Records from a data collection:
++++++++
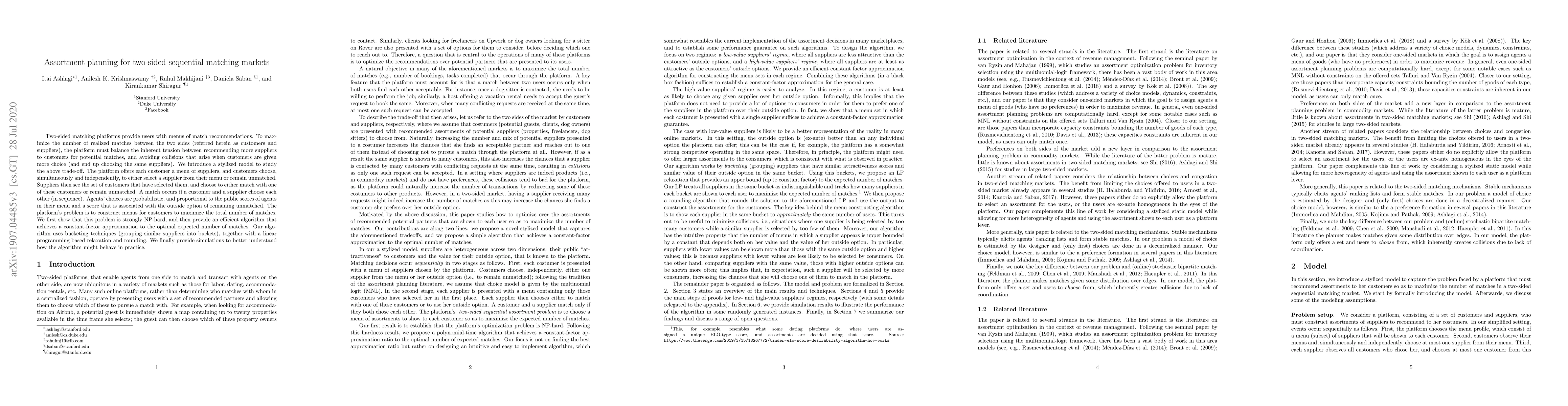 Two-sided matching platforms provide users with menus of match recommendations. To maximize the number of realized matches between the two sides (referred here as customers and suppliers), the platform must balance the inherent tension between recommending customers more potential suppliers to match with and avoiding potential collisions. We introduce a stylized model to study the above trade-off. The platform offers each customer a menu of suppliers, and customers choose, simultaneously and independently, either a supplier from their menu or to remain unmatched. Suppliers then see the set of customers that have selected them, and choose to either match with one of these customers or to remain unmatched. A match occurs if a customer and a supplier choose each other (in sequence). Agents' choices are probabilistic, and proportional to public scores of agents in their menu and a score that is associated with remaining unmatched. The platform's problem is to construct menus for costumers to maximize the number of matches. This problem is shown to be strongly NP-hard via a reduction from 3-partition. We provide an efficient algorithm that achieves a constant-factor approximation to the expected number of matches.
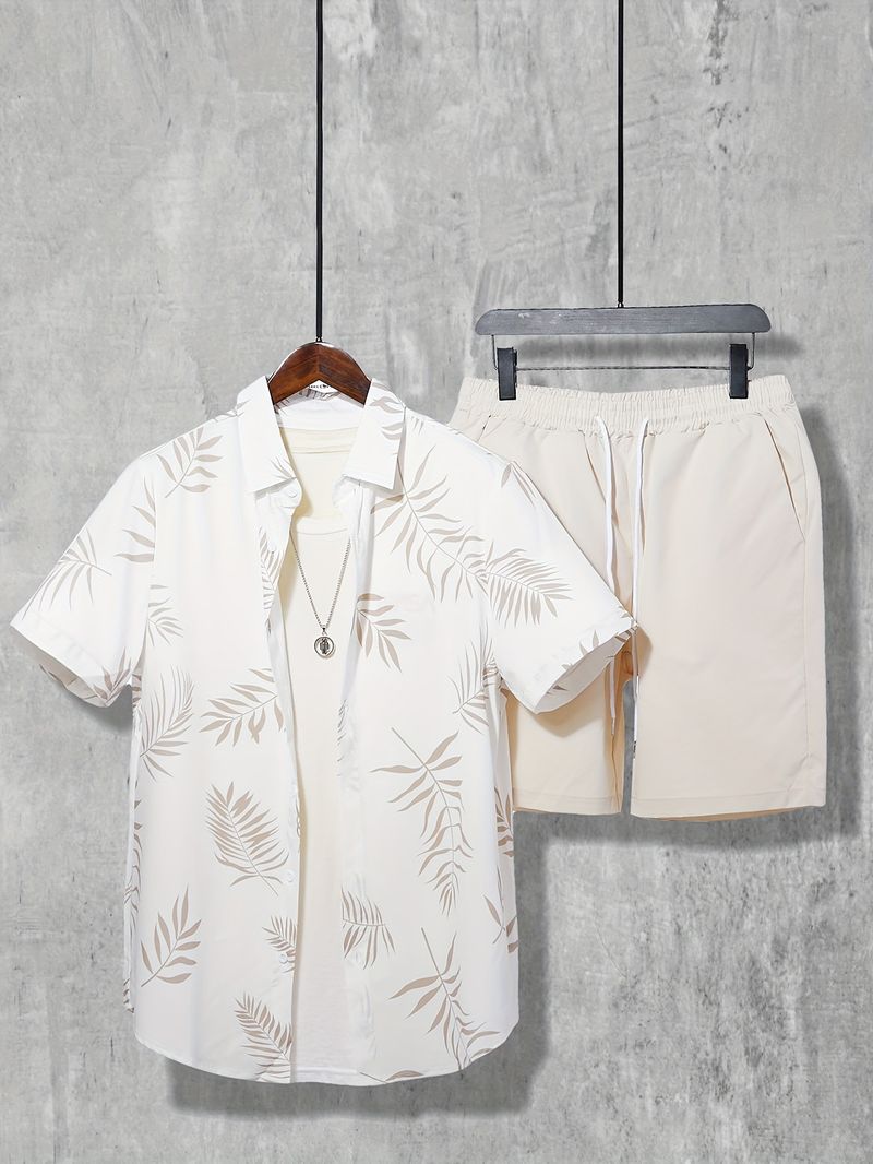 Camicia Hawaii di qualità imbattibile per uomo, casual, da vacanza, con pantaloncini a maniche corte, set da due pezzi
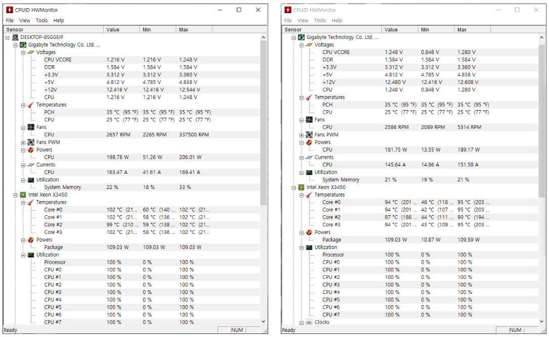부하테스트는 간단하게 CPU-Z 메뉴에서 Bench 탭에서 스트레스 테스트를 걸고 CPUID HWMonitor 를 실행했습니다.
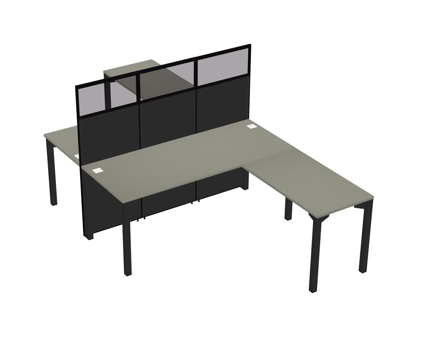 Grey Shadows Shared L-shape Office Cubicle Panel System For 2 Persons
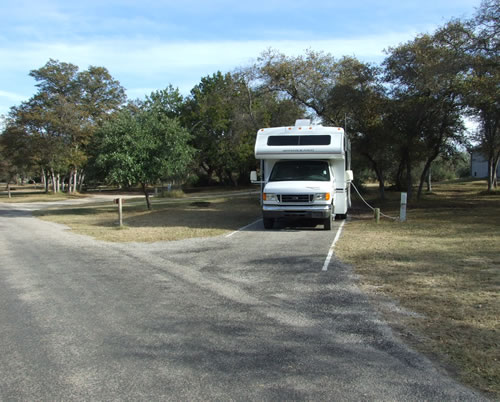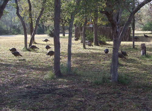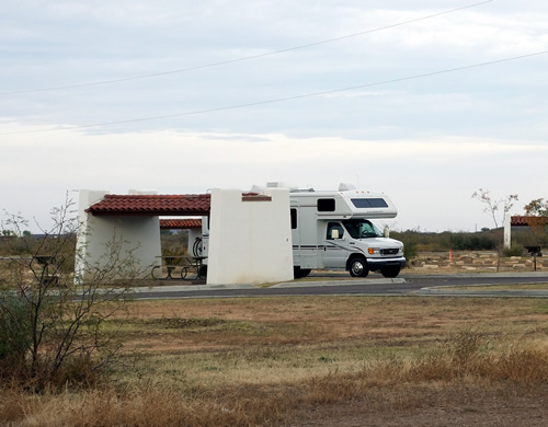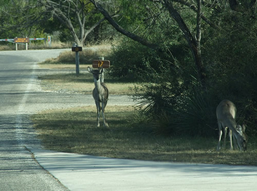 Last night 29°, we don't seem to be making much headway towards warmer weather. The forecast has been teasing unmercifully with tantalizing promises of heat which fails to materialize. We upped and left Balmorhea at 6:30, thinking we'd made an early start. Only later realized that we crossed into the Central Time Zone yesterday, so not as early as we thought. Stopped in Fort Stockton, looked all over for a breakfast place before finding an IHop. Glad we decided to stop at Balmorhea last night and not continue to that middle-of-nowhere town. To be kind, it is an unqualified dump. By breakfast, Bill was beginning to feel under the weather and slowly subsided into the agonies of what must have been food poisoning for the remainder of our day's travels. Suspicion fell on some elderly smoked salmon he ate for lunch yesterday. Beats us why it took so long to erupt, however. He was quite the basket case, exploding at both ends - fortunately timing his discharges to match the arrival of rest areas as Pat drove. There's a lot of in between in Texas, nearly as much as Alaska. High wind across the plains, windmills on the mesas, a few oil crickets leisurely pumping the dregs of the fields. We left the Interstate highway at the town of Junction and drove a few miles to this lovely state park, arriving a bit before 3pm, Central Time. 267 miles. Place is nearly deserted, many more deer and turkeys than people, but a great spot for Bill to recuperate. Our campsite not quite level, but the bathroom is heated! This lifestyle does make us notice what we otherwise used to take for granted: level floors, warm bathrooms, electricity at the drop of a switch, water at the turn of a spigot. By the end of today Bill had retrieved his old self, thank goodness. It's still cold - 32 last night and barely 60 today.
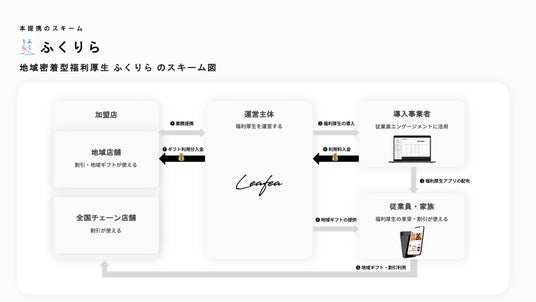 リーフィが提供する地域密着型福利厚生サービス(専用アプリ名称:「ふくりら」)は、第三の賃上げとも言われる企業の従業員向け福利厚生の充実を通じて、企業の従業員を支援するサービスです。アプリを通じて、従業員へのギフト還元や従業員の家族も利用できるクーポンを提供するほか、導入企業で働く従業員の働きがいやエンゲージメント向上を支援する内容となっています。
++++++++
| Requirement |
Leave out the pictures and copy every record above exactly.

| Your response |
 Two-sided matching platforms provide users with menus of match recommendations. To maximize the number of realized matches between the two sides (referred here as customers and suppliers), the platform must balance the inherent tension between recommending customers more potential suppliers to match with and avoiding potential collisions. We introduce a stylized model to study the above trade-off. The platform offers each customer a menu of suppliers, and customers choose, simultaneously and independently, either a supplier from their menu or to remain unmatched. Suppliers then see the set of customers that have selected them, and choose to either match with one of these customers or to remain unmatched. A match occurs if a customer and a supplier choose each other (in sequence). Agents' choices are probabilistic, and proportional to public scores of agents in their menu and a score that is associated with remaining unmatched. The platform's problem is to construct menus for costumers to maximize the number of matches. This problem is shown to be strongly NP-hard via a reduction from 3-partition. We provide an efficient algorithm that achieves a constant-factor approximation to the expected number of matches.
 Camicia Hawaii di qualità imbattibile per uomo, casual, da vacanza, con pantaloncini a maniche corte, set da due pezzi
부하테스트는 간단하게 CPU-Z 메뉴에서 Bench 탭에서 스트레스 테스트를 걸고 CPUID HWMonitor 를 실행했습니다.
 Grey Shadows Shared L-shape Office Cubicle Panel System For 2 Persons
 Last night 29°, we don't seem to be making much headway towards warmer weather. The forecast has been teasing unmercifully with tantalizing promises of heat which fails to materialize. We upped and left Balmorhea at 6:30, thinking we'd made an early start. Only later realized that we crossed into the Central Time Zone yesterday, so not as early as we thought. Stopped in Fort Stockton, looked all over for a breakfast place before finding an IHop. Glad we decided to stop at Balmorhea last night and not continue to that middle-of-nowhere town. To be kind, it is an unqualified dump. By breakfast, Bill was beginning to feel under the weather and slowly subsided into the agonies of what must have been food poisoning for the remainder of our day's travels. Suspicion fell on some elderly smoked salmon he ate for lunch yesterday. Beats us why it took so long to erupt, however. He was quite the basket case, exploding at both ends - fortunately timing his discharges to match the arrival of rest areas as Pat drove. There's a lot of in between in Texas, nearly as much as Alaska. High wind across the plains, windmills on the mesas, a few oil crickets leisurely pumping the dregs of the fields. We left the Interstate highway at the town of Junction and drove a few miles to this lovely state park, arriving a bit before 3pm, Central Time. 267 miles. Place is nearly deserted, many more deer and turkeys than people, but a great spot for Bill to recuperate. Our campsite not quite level, but the bathroom is heated! This lifestyle does make us notice what we otherwise used to take for granted: level floors, warm bathrooms, electricity at the drop of a switch, water at the turn of a spigot. By the end of today Bill had retrieved his old self, thank goodness. It's still cold - 32 last night and barely 60 today.
 リーフィが提供する地域密着型福利厚生サービス(専用アプリ名称:「ふくりら」)は、第三の賃上げとも言われる企業の従業員向け福利厚生の充実を通じて、企業の従業員を支援するサービスです。アプリを通じて、従業員へのギフト還元や従業員の家族も利用できるクーポンを提供するほか、導入企業で働く従業員の働きがいやエンゲージメント向上を支援する内容となっています。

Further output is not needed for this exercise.